Usually, however, there is a teensy, tiny bit of leakage of air past the piston rings, so that the reading is, say, 78/80 psi. Anything in the 70s is considered fine, but if the reading drops into the 60s, then it's likely that you've got a problem that over time will only get worse. Below 60 means that your engine is losing too much power and it's time to break the piggy bank.
Maybe the piston rings are wearing out slowly and you're facing perhaps the installation of a whole new "jug," or matched cylinder and piston (about $2,500 for each of four jugs in the 100-horsepower engine of a Cessna 150, at right). If the readings are low in two or more cylinders, you might have to replace them all (a "top overhaul" in aviation parlance) -- or, at worst, have a complete major overhaul done on the engine, in which the whole thing is taken apart and anything that's worn beyond limits (almost everything) is replaced. That can cost $12,000 and usually does.
At my airplane's annual inspection in the beginning of September, my No. 4 cylinder compression read 62/80. Gulp. The engine had been run 971 hours since it last had undergone a major overhaul in 1994, or just past half the usual time before overhaul of 1,800 hours. Quite often one or more cylinders on a Continental O-200A engine gets unacceptably soft at the halfway point, and this is when aircraft ownership gets painful.
Fly the plane five or six more hours, Gordon, my mechanic, told me. Then we'll do another differential pressure test and see which way the problem is trending. If the pressure is still "soft," he said, we'll pull the jug and send the cylinder out for honing, or interior polishing, to get rid of any scoring that might be causing loss of pressure. Then we'll put new rings on the piston and reassemble the jug, then reattach it to the engine block. That'll be about $800 or $900, he said with an airy wave.

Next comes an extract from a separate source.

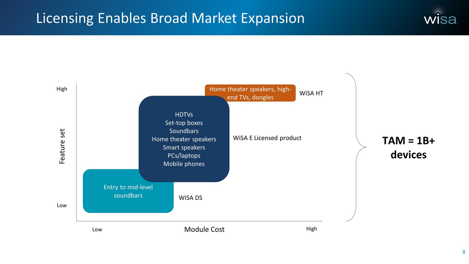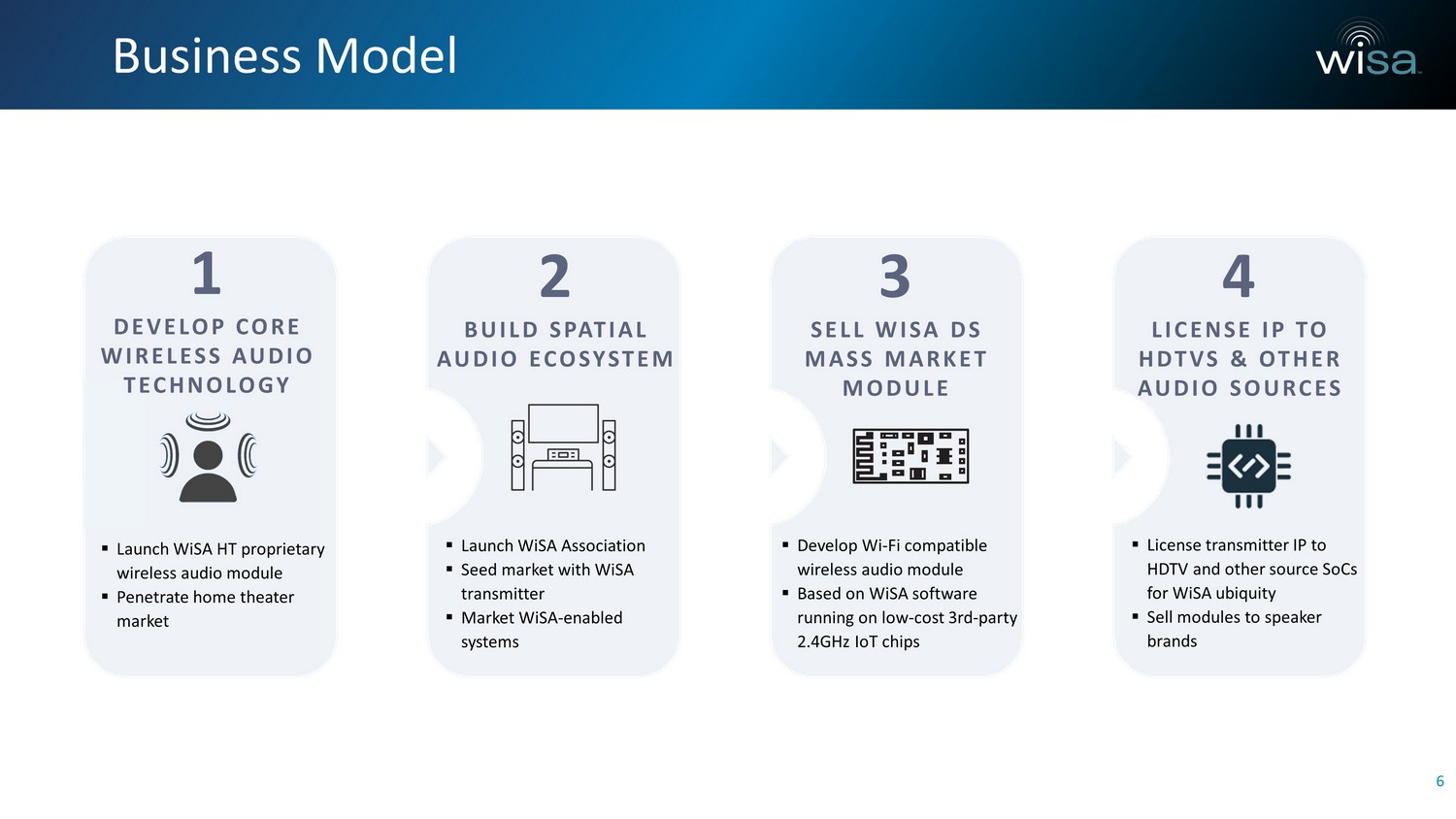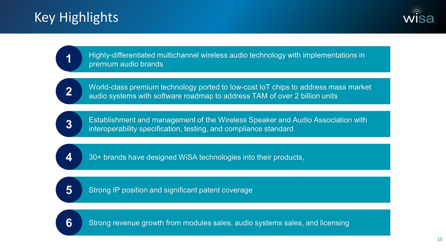 Key Highlights Highly - differentiated multichannel wireless audio technology with implementations in premium audio brands 1 World - class premium technology porte d to low - cost IoT chips to address mass market audio systems with software roadmap to address TAM of over 2 billion units 2 Establishment and management of the Wireless Speaker and Audio Association with interoperability specification, testing, and compliance standard 3 30+ brands have designed WiSA technologies into their products, 4 Strong IP position and significant patent coverage 5 Strong revenue growth from modules sales, audio systems sales, and licensing 6 15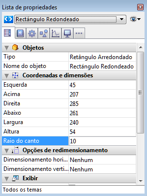 A propriedade Rádio da esquina se encontra no tema "Coordenadas e dimensões" da Lista de propriedades para os objetos de tipo Retângulo arredondado:

It might just be that the two piston rings have vibrated their way around the piston so that the gap in each ring lines up perfectly with the other one, yielding a tiny opening for air to leak through. If this is so, running the engine a few hours may cause the rings to rotate some more, closing the opening and returning pressure to where it should be.
I met Gordon at the airport today to run that pressure test.
First, Cylinder No. 1. Pressure: 78/80. Then Cylinder No. 2: 73/80. No. 3: 76/80. And, with a deep breath, Cylinder No. 4. "Look here," Gordon said. I let out my breath and peered at the gauges. 76/80! Yay!
The gaps in the rings had simply lined up at the time of the annual, then returned to their usual staggered positions.
The test cost $25 for Gordon's time. Not $800. Not $2,500. Not $12,000.
And so I shall keep Old N5859E a few more months at least, until the looming depression has either steamrollered my net worth or it hasn't.